2, 0, 8, 9, 8, 7, 6, 4, 0, 2, 4, 9, 9, 7, 8, 7, 3, 3, 7, 6, 9, 2, 7, 2, 0, 8, 9, 2, 3, 7, 5, 5, 5, 4, 1, 6, 8, 2, 2, 4, 5, 9, 2, 3, 9, 9, 1, 8, 2, 1, 0, 9, 5, 3, 5, 3, 9, 2, 8, 7, 5, 6, 1, 3, 9, 7, 4, 1, 0, 4, 8, 5, 3, 4, 9, 6, 7, 4, 5, 9, 6, 3, 2, 7, 7, 6, 5, 8, 5, 5, 6, 2, 3, 5, 1, 0, 3, 5, 3, 5, 1, 4, 5, 0

COMMENTS

First n terms give number of digits of Fibonacci(10^n), except that it can be off by 1. This is a highly compressed sequence.

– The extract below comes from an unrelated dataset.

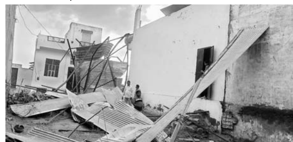
चाकसू में तेज अंधड़ और बारिश से कई जगह पर टीनशेड उड़ गये।

बिजली के पोल व तार टूट गए जिससे पूरे कस्बे में बिजली बंद हो गयी अंधड़ की रफार इतनी तेज थी किसी को सम्भलने का ही मौका नहीं मिल सका। अंधड़ के बाद बादलों की तेज गर्जना के साथ जोरदार बारिश हुई सड़कों पर पानी ही पानी हो गया। छोटे-मोटे गड्ढे पानी से लबाबल हो गये। हालांकि इस दौरान हुई वर्षा से लोगों को गर्मी से राहत मिल गई और मौसम

As a result, it can be off by one. The uncompressed version goes like this: 2, 21, 209, 2090, 20899, 208988, 2089877, 20898764, 208987640, 2089876403, ... (see A068070). Fibonacci(10) = 55 has 2 digits, Fibonacci(100) = 354224848179261915075 has 21 digits and so on.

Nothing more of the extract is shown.